Das von der rechten Koalitionsmehrheit Ende letzter Woche im Parlament von Bratislava angenommene Gesetz zur territorialen Neugliederung der Slowakei verfolgt das einzige Ziel, die ungarische Minderheit in jedem der acht neuen Verwaltungsbezirke unter die Zwanzigprozentmarge zu drücken, ab der ihr laut Gesetz von 1990 kulturelle und soziale Minderheitenrechte zustehen. Schon 1993 hatte es einen Versuch in dieser Richtung gegeben, auf den Teile der ungarischen Minderheit mit der Forderung nach voller territorialer Autonomie antworteten. Der Weg zu einer erneuten Konfrontation nicht nur zwischen der Minderheit und der Regierung Meciar, sondern auch zwischen der Slowakei und Ungarn sind damit vorgezeichnet.

Dabei hatten die Slowakei und Ungarn im März letzten Jahres einen Vertrag über gute Nachbarschaft abgeschlossen, der die Rechtsstellung der Minderheiten nach dem Vorbild der Empfehlung 1.201 des Europarats regelte.
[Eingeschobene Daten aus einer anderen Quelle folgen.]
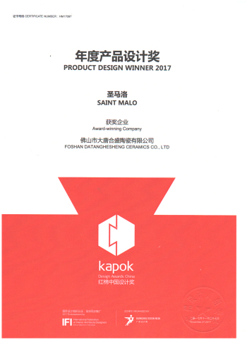 大唐合盛瓷磚現代亞光磚“圣馬洛”榮獲紅棉獎·2017年度產品設計獎

Danach stünde der jeweiligen Minderheit das Recht auf einen „speziellen Status“ zu, was die Bildung autonomer Institutionen einschließt. Insbesondere soll die Minderheit eigene Schulen und Ausbildungszentren unterhalten dürfen. Dieser Vertrag wurde vom slowakischen Parlament nie ratifiziert. Im Gegenteil: Im Laufe des letzten Jahres maßte sich das slowakische Unterrichtsministerium des Recht an, über die Entlassung von Lehrern und über die Lehrpläne ungarischer Schulen zu entscheiden. Im letzten Dezember erging dann ein Sprachgesetz, das unabhängig von der Stärke der Minderheit Slowakisch als Amtsprache zwingend vorschreibt.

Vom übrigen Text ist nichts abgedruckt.